From the outset, Sharapova and Kournikova’s superficial similarities (Russian, blonde, plays tennis, end of list) attracted frustrating comparisons. Sharapova even had to wear Kournikova’s hand-me-downs at the tennis academy. “I don’t know how but I would end up with a lot of her old clothes,” says Sharapova. “A lot of prints and animal prints and glitter and definitely not things I would’ve chosen to wear when I was 8 or 9 years old [laughs] but I didn’t have a choice.”
But if Kournikova was a minor foe, Serena Williams was the final boss. Since Sharapova’s training days, Williams has held an almost mythological status. “[The first time] I watched her at the academy, years of my life rolled by right in front of me,” Sharapova says. Snap to nearly a decade later, Williams and Sharapova were facing off in the 2004 Wimbledon Championships — 17-year-old Sharapova’s first big slam. “Serena was the one who was expected to win the match,” she says.
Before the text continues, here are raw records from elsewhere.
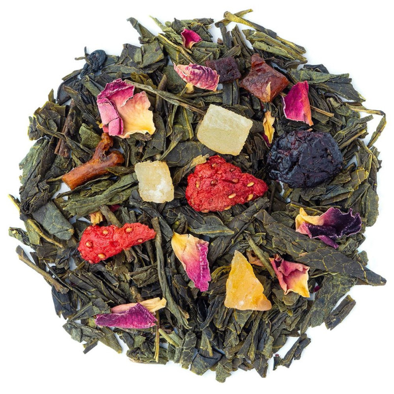 Un thé vert parfumé, gourmand et très agréable en bouche ! Ce mélange joyeux est composé d'une base de thé vert Sencha de Chine avec de la papaye, de la cerise, de la framboise ou encore de l'ananas. A savourer toute la journée.
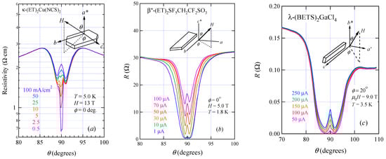 To investigate the in-plane anisotropy of the flux-flow resistance at a constant magnetic field, the resistivity as a function of the angle θ at various fixed ϕ was measured because we can easily find the position of the H parallel to the conducting plane at any ϕ. For example, the interlayer resistivity of k-(ET)2Cu(NCS)2 is shown in Figure 2a [25]. For the magnetic field exactly applied parallel to the conducting plane, the ρ(θ) curve shows a sharp drop due to the SC transition at the lowest current density of 0.5 mA/cm2. It is remarkable that the resistivity at θ = 90° depends strongly on the current density. A sharp peak is clearly observed at θ = 90° for highest current density of 100 mA/cm2. The resistivity for |θ − 90°| > 5° is independent of current density of up to 100 mA/cm2. Thus, the effect of Joule heating is negligibly small. Instead, the sharp peaks are due to the vortex dynamics [25,33,34,35,36,37,38]. Similar features are found for β″-(ET)2SF5CH2CF2SO3 in Figure 2b and λ-(BETS)2GaCl4 in Figure 2c [26,27].
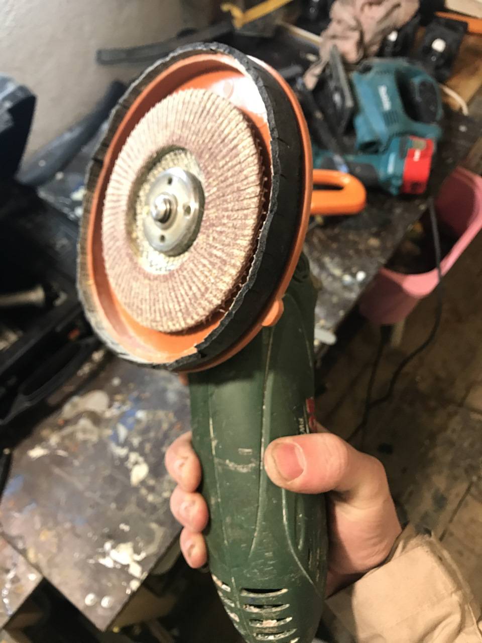 - Удаление старого лакокрасочного покрытия. Перед нанесением свежей краски старую требуется удалить. Используется лепестковый наждачный круг. Снимаемая им краска получается мелкой.
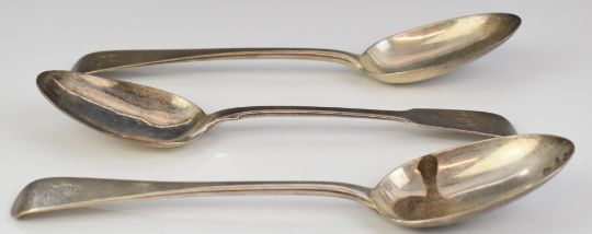 Three William IV and later hallmarked silver table spoons comprising Victorian pair, London 1865, maker Chawner & Co, and a Fiddle pattern example, London 1830, maker's mark rubbed, length of longest 22cm, weight of all three 237g
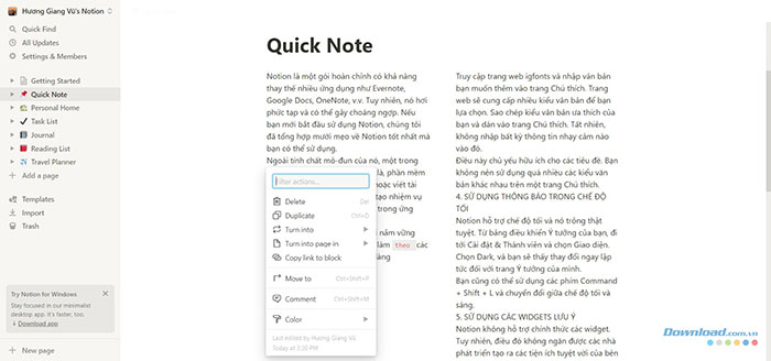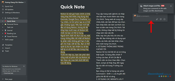 Một trong những điểm mạnh cốt lõi của Notion là cộng tác giữa các thành viên trong không gian làm việc. Việc theo dõi các thay đổi và đề xuất của các thành viên trong nhóm diễn ra liền mạch trong ứng dụng. Với phím tắt Ctrl + Shift + M hoặc Command + Shift + M, bạngười dùngn có thể nhanh chóng tạo nhận xét ở cuối khối.
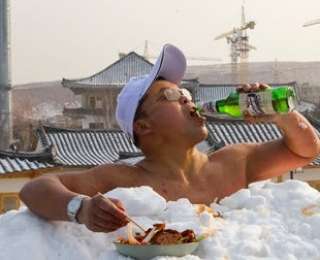 Житель китайской провинции Цзилинь Жин Сонгао установил рекорд по самому продолжительному пребыванию в снегу без одежды: 46 минут и семь секунд. За это время он успел выпить бутылку пива и закусить.
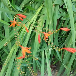 ヒメヒオウギスイセンの朱色が綺麗 似ている名前で『ヒメヒオウギ』って、とてもかわいい花があるのだけど 以前投稿した時(5\13)にヒメヒオウギスイセンってネーミングした気がして確認したらやっぱり間違えてた😆 ヒメヒオウギズイセン(姫檜扇水仙)は アヤメ科ヒオウギズイセン属でモントブレチア(クロコスミア)ともいう…花期は今頃7〜9月 ヒメヒオウギ(姫檜扇)はアヤメ科・フリージア属で花期は4〜5月

To everyone’s surprise, Sharapova beat Williams 4-6, 6-2, 6-4 – everyone but Sharapova herself, that is. “I was like a silly teenager; if it was there for me to take, why wouldn’t I do everything that I can to take it? And I think from that point on, from that victory that I had against her, our rivalry began.”
That breakout season catapulted Sharapova to level of fame and wealth unheard of in Sochi – but even as a teen, she was not naïve. “In a way, the academy in Florida is very much a factory. You have the investors and the kids who produce the work,” Sharapova says. “So I think I understood the business side from a very young age. But in terms of my own success and what it would bring me… I don’t think you can really prepare for that.”
Sharapova would subsequently win 35 singles titles including five Grand Slams, and, while repeating her defeat of Serena proved difficult, would become the highest paid female athlete for 11 years running. In 2016, Forbes estimated that Sharapova had earned $285 million during her career. Nearing her 30th birthday, Sharapova was thinking less about tennis and more about retirement.
She took some time off — but Sharapova was hardly sitting back and eating bonbons. In fact, she was selling them. She launched her brand of chocolate bars, Sugarpova, in 2016, and by the end of 2018, it will be sold in an estimated 50,000 locations. In addition to working on her book, Sharapova took a two-week course as Harvard Business School and interned at the NBA.
Sharapova has also stopped thinking about retirement. “I never envisioned still competing past 30 years old when I was a young girl. But there are so many years ahead of me and I envision a few more years [of playing],” she says. “Unlike when I was young, I think the mystery and not knowing what will happen is interesting. It’s okay rather than seeming a little scary.”